In terms of presentation, Section 8 makes use of the Unreal Engine 3 to great effect. The action is always nicely captured, the cutscenes are crisp, and the textures and particle effects are nicely rendered. While this isn’t the best game you’ve ever seen, it certainly is no slouch either. Sounds don’t fair quite as well. The music is forgettable and the voice acting, though professionally presented, adds almost nothing considering the single-player campaign is more of a tack-on. Also, while the in-game orders over the comm. system are informative, it can get a bit cacophonous. The sound effects on the other hand support the action perfectly.

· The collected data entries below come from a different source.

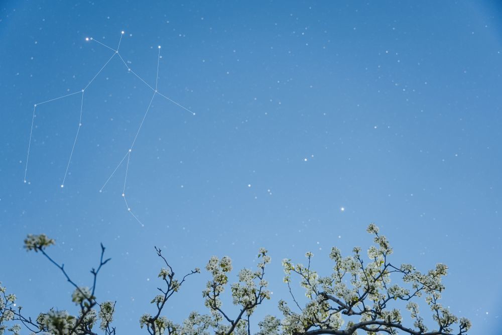 2025年4月2日,在北京市房山区琉璃河镇贾河村拍摄的梨花和双子座。(王俊峰 摄)
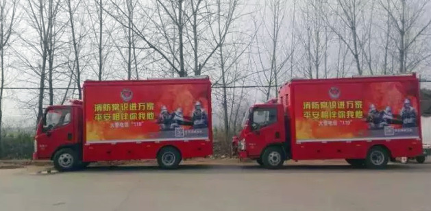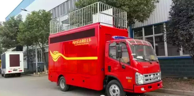程力消防宣傳車滾動屏:主要由卷動機械系統、卷動及定位控制系統、燈光系統和長達約10米的彩色宣傳燈光片組成。在使用時只需按下啟動按鈕,系統就會不厭其煩的正轉、反轉和停頓,向人們展示其中的火災案例的豐富內容,三個滾動宣傳屏分別展示國外、國內,本省市的近年來的重大火災。
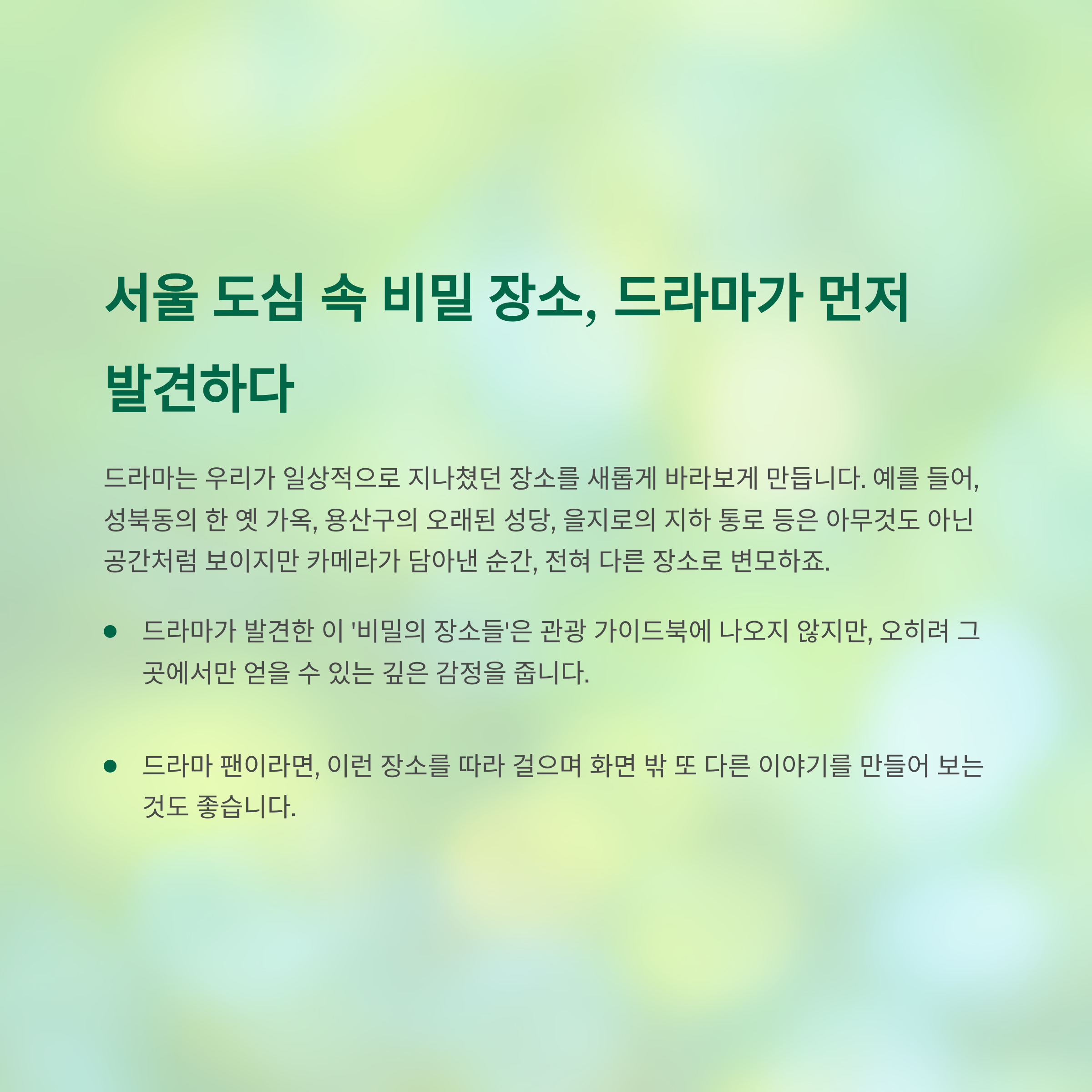 드라마는 우리가 일상적으로 지나쳤던 장소를 새롭게 바라보게 만듭니다.
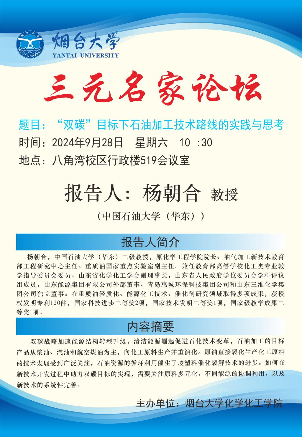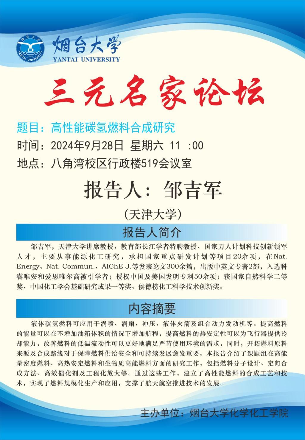 “庆祝建校四十年”系列学术活动之三元名家论坛:高性能碳氢燃料合成研究
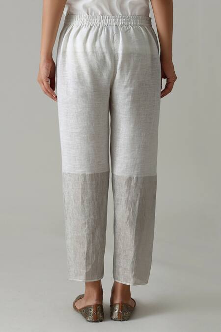 Buy_Manan_White Metallic Linen Pants_Online_at_Aza_Fashions
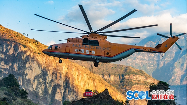 为加快进度,增加施工作业面,项目建设期间,还首次从省外专门调运全世界当前仍在服役的最大直升机米-26吊运机械设备。
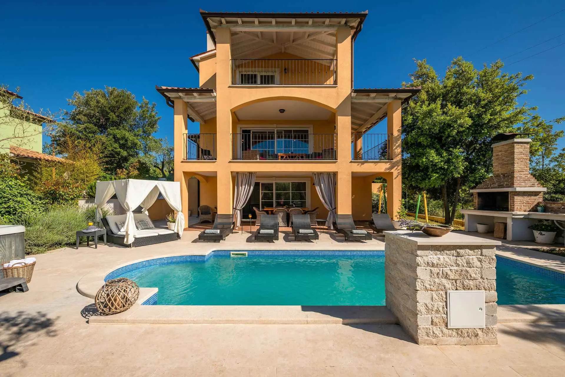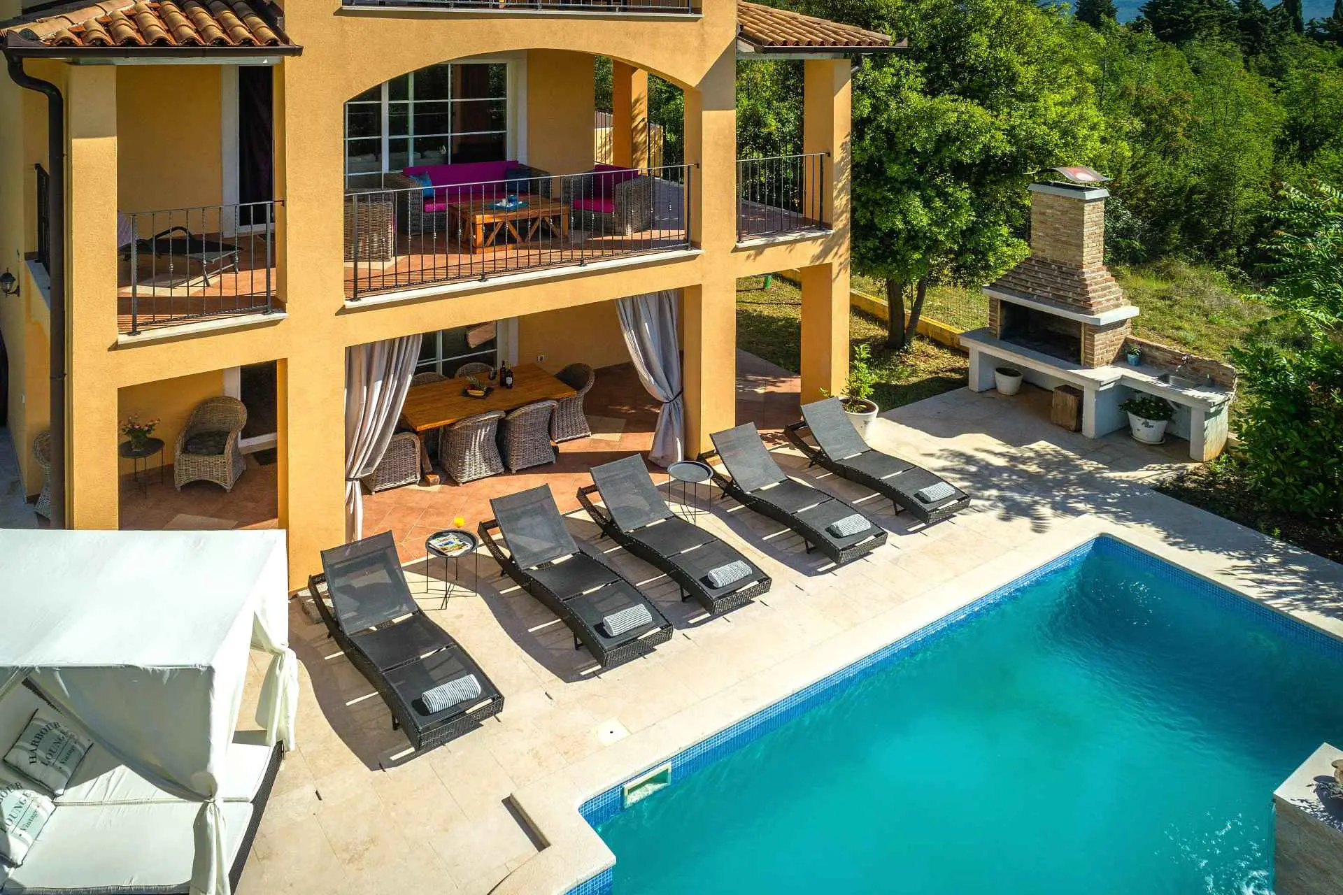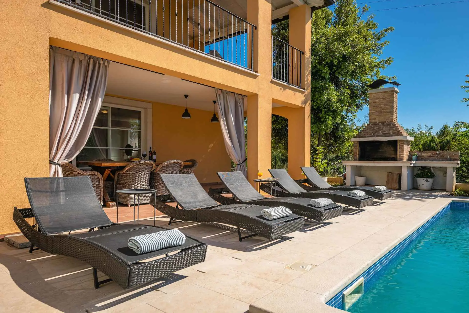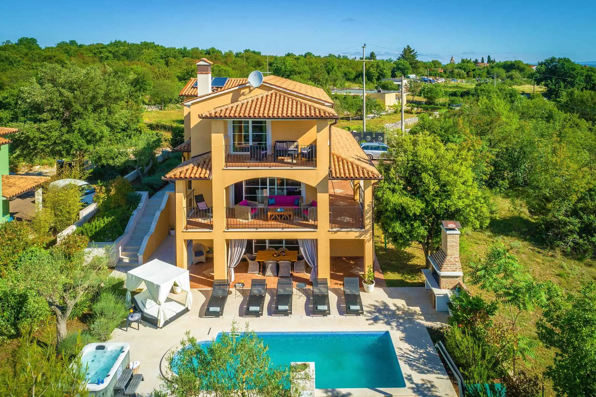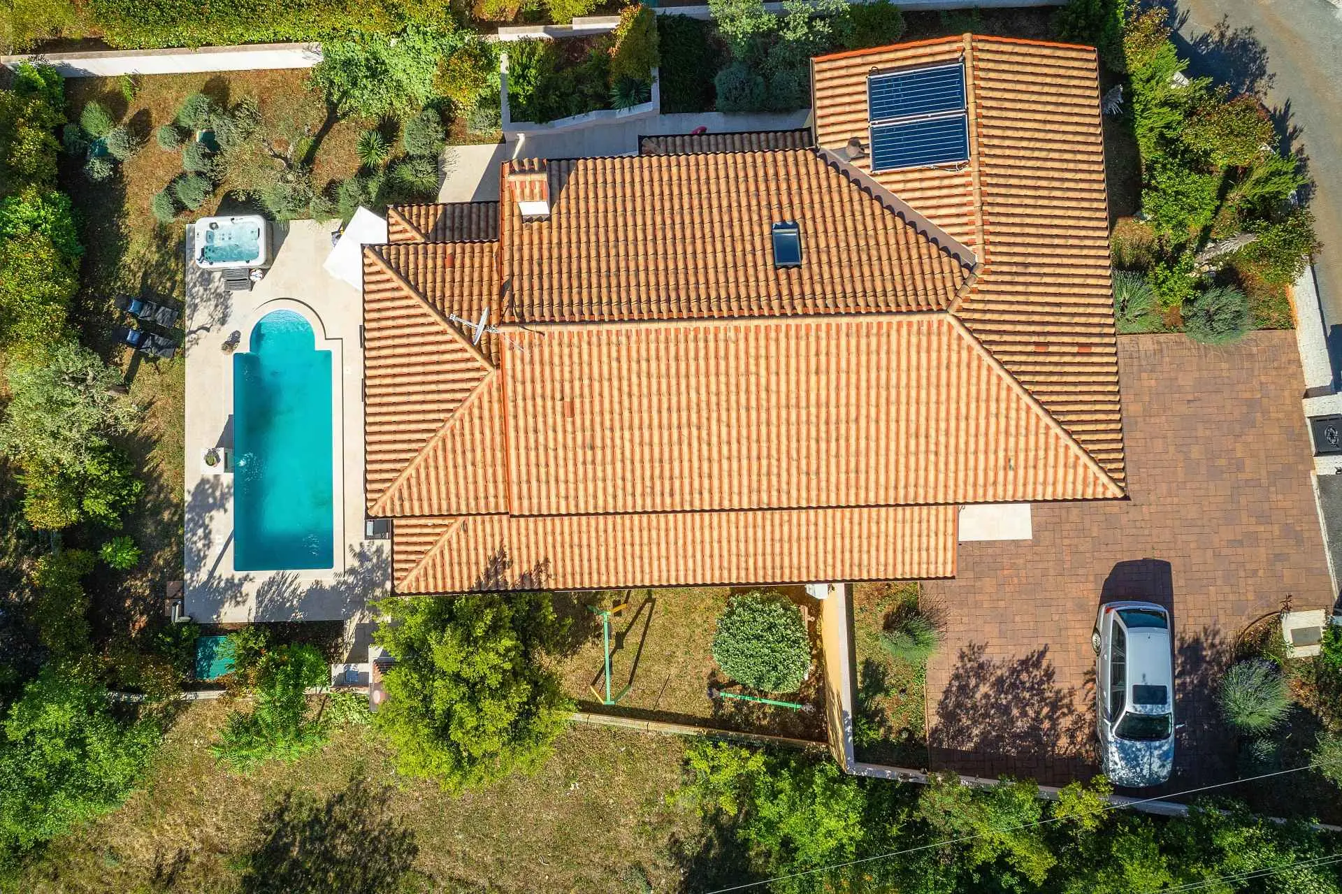 The charming 320m² villa is located in Rakalj, a quiet village on the east coast of Istria, with a beautiful view of Kvarner and the island of Cres, as well as the Ucka Mountains. Air-conditioned bedrooms, WiFi flat, pool, fitness and much more. The charming 320m² villa is located in Rakalj, a quiet village on the east coast of Istria, with a beautiful view of Kvarner and the island of Cres, as well as the Ucka Mountains. The villa is equipped with four air-conditioned bedrooms each with a bathroom, safe, alarm system, three terraces, pool without heating, heated jacuzzi, gym, sauna with shower, living room with dining area, kitchen, playground and billiard table - for up to 10 guests. Bed linen and towels are included
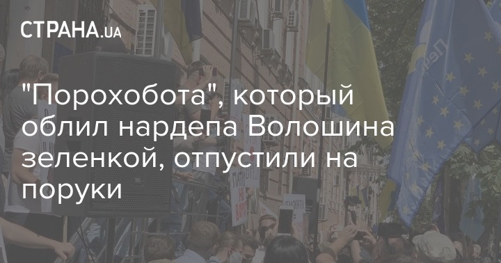 "Страна" сообщала о том, что утром 23 июля в Киеве у суда представители Нацкорпуса и сторонники Порошенко собирались в поддержку "порохобота", облившего зеленкой нардепа Волошина.
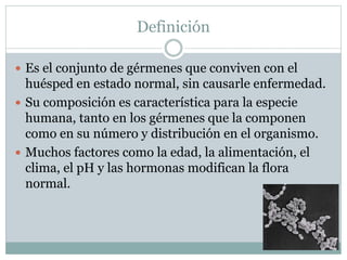 La flora normal del cuerpo humano incluye bacterias, hongos y otros microorganismos que viven en el cuerpo sin causar enfermedades. Estos microorganismos varían según la ubicación en el cuerpo y cumplen funciones importantes como desarrollar la inmunidad, prevenir la colonización de patógenos y ayudar a la digestión. Algunos de los sitios colonizados incluyen la piel, el tracto gastrointestinal y la vagina, mientras que otros como el sistema circulatorio permanecen estériles.
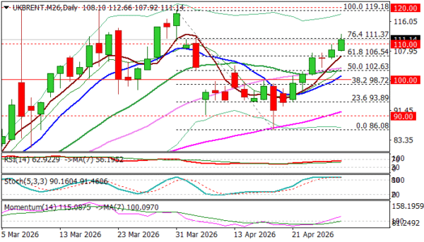 Bulls broke above $110.00 (psychological) and dented $111.37 (Fibo 76.4% of $119.19/$86.08 bear-leg) that brings key barriers at 120 zone (recent peaks) in focus, with limited correction seen as positioning for fresh push higher if geopolitical situation remains unchanged or worsens.
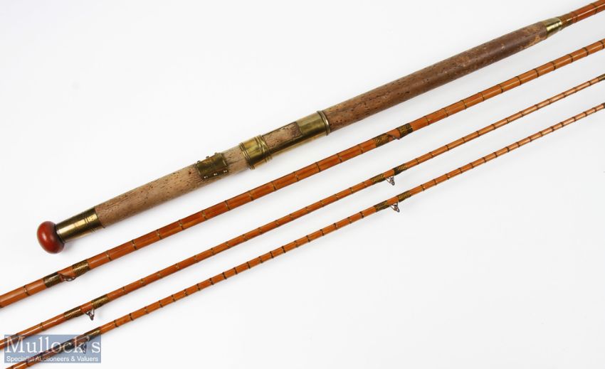 Hardy Alnwick "The Pennell" steel centred split cane salmon fly rod No 189.39 (1906) with Hardy patent rings, 14' 3pc with spare tip, 24" handle with brass sliding reel seat and collars, brass twist lock ferules, clear agate butt ring and red agate tip rings, cloth bag. Very original
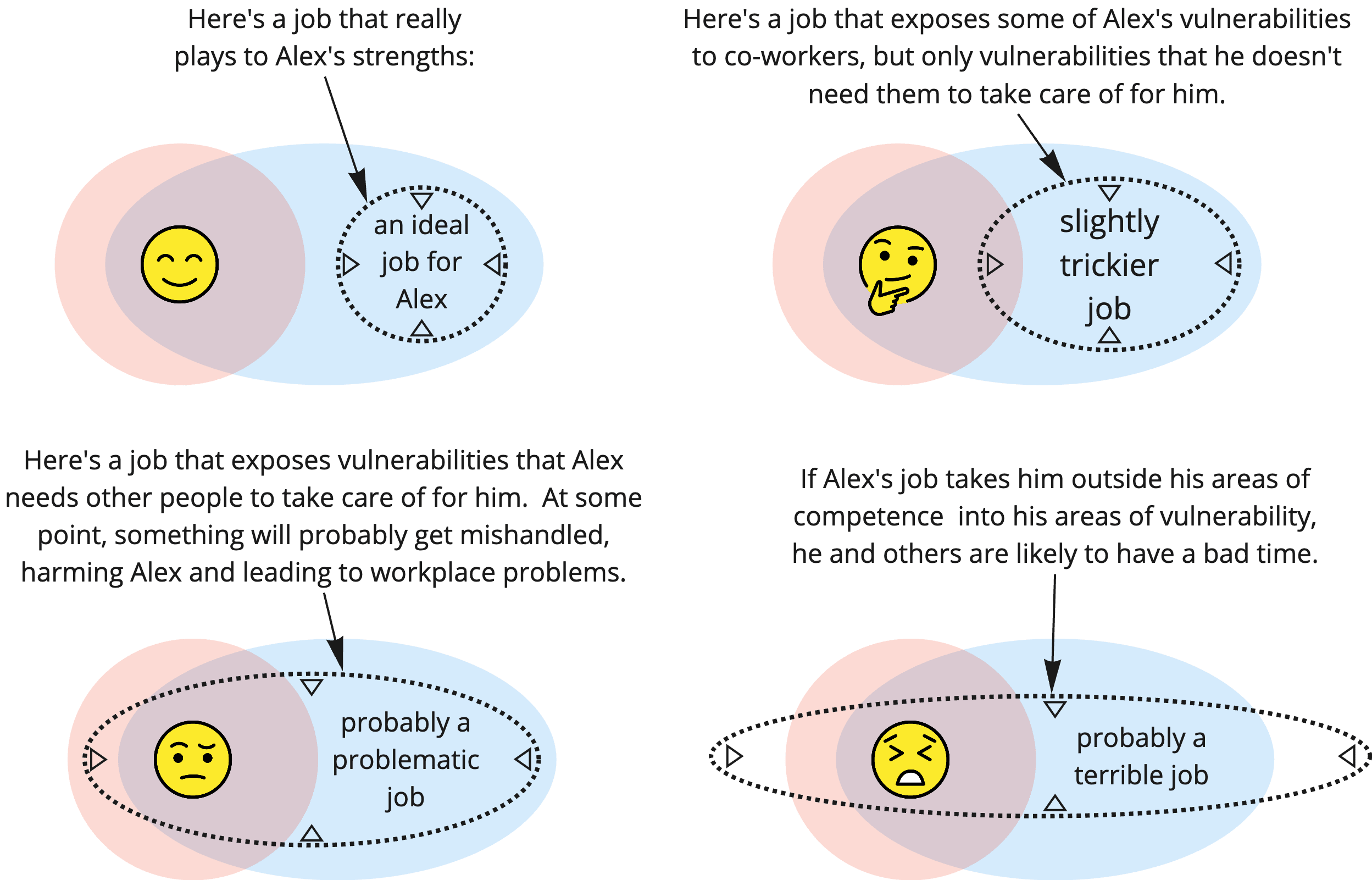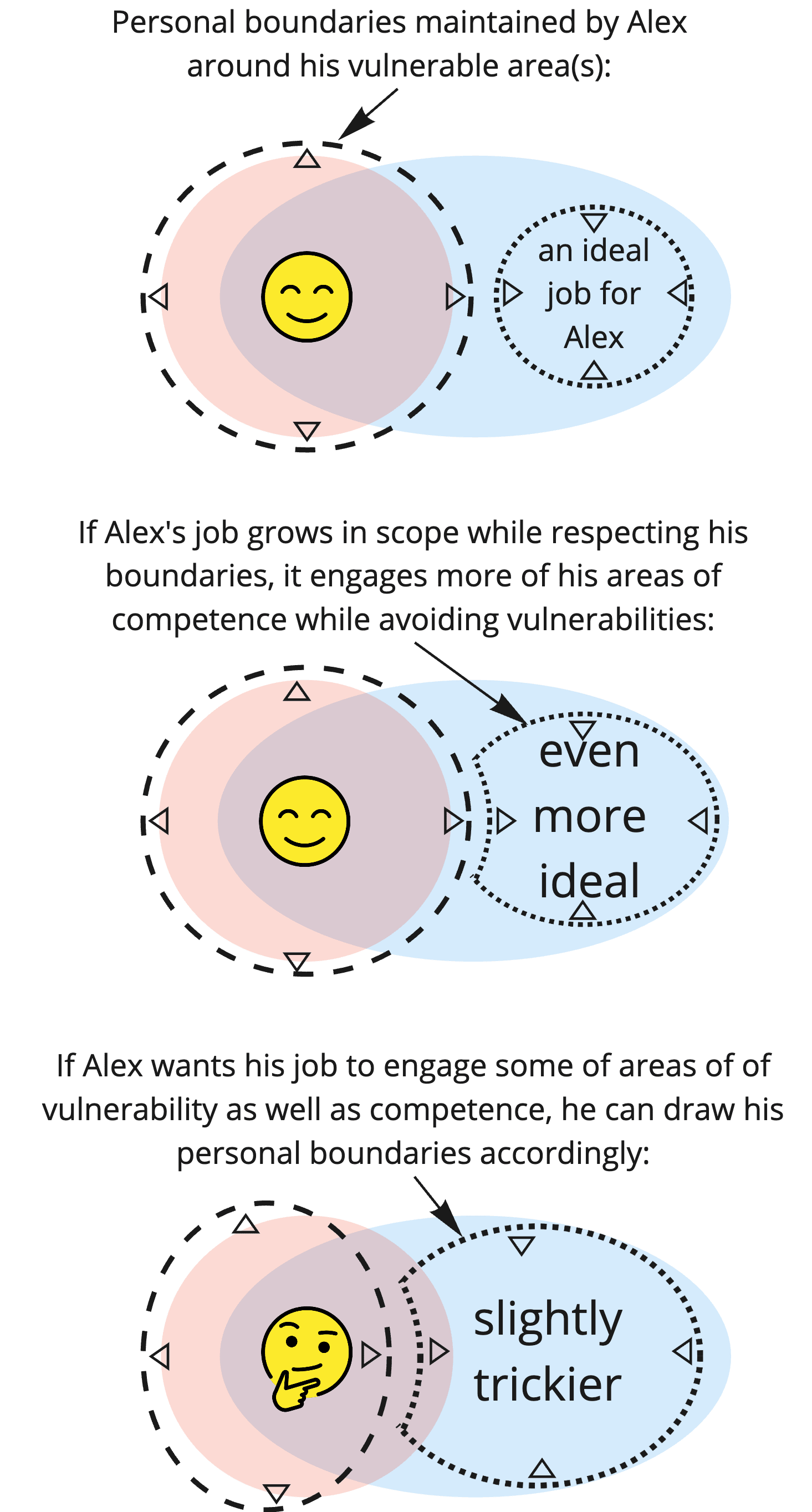 Identifying areas of competence and vulnerability are important for scoping out Alex's job(s). This is just standard career advice of the kind that 80,000 Hours might share for helping people find a good job (Todd, 2014; Todd, 2021), but I'd like to think about it from the perspective of boundaries, so let me spell out some nuances.

Controls are very familiar to those found in nearly every other FPS out there. However, there are a few abilities that mix things up. For example, your power suit comes equipped with a jet pack to boost you around the battlefield. You can also go into a hyper-sprint if the sprint button is held down for a time. Also, you can even lock-on to targets while zooming. All of these heightened powers are limited – you can only use them as long as their energy meters last. The inclusion of these abilities help to differentiate the title from other FPS and emphasize the fact you’re suited up, but they certainly aren’t revolutionary.
Section 8 also includes an Instant Action mode from the main menu, but it essentially just allows you to play in bot matches. As such, it’s rather inconsequential when compared with the true multiplayer and even single-player experience for that matter. When all is said and done, Section 8 is a quality multiplayer experience a lot of players will get into. Unfortunately, the other aspects of the game, while fine in their own right, don’t manage to add much to the formula. As such, this is a game that probably could have been released via the XBLA or Steam for $15 or $20 and would have been a veritable masterpiece. Since it’s a full priced title, you may want to download the demo first and buy later.
RATING OUT OF 5 RATING DESCRIPTION 4.2 Graphics
The game utilizes the Unreal Engine 3 and it shows. 4.2 Control
The standard FPS controls are shaken up slightly by a few clever, if not amazing, game-specific abilities. 3.3 Music / Sound FX / Voice Acting
The music and voice work are passable. The sound effects are the highlight. 3.5 Play Value
This game is almost strictly a multiplayer experience. As such, you’re not getting a whole lot of value for your money. That said, the competitive online play will be worth the price of admission for many. 3.7 Overall Rating – Good
Not an average. See Rating legend above for a final score breakdown.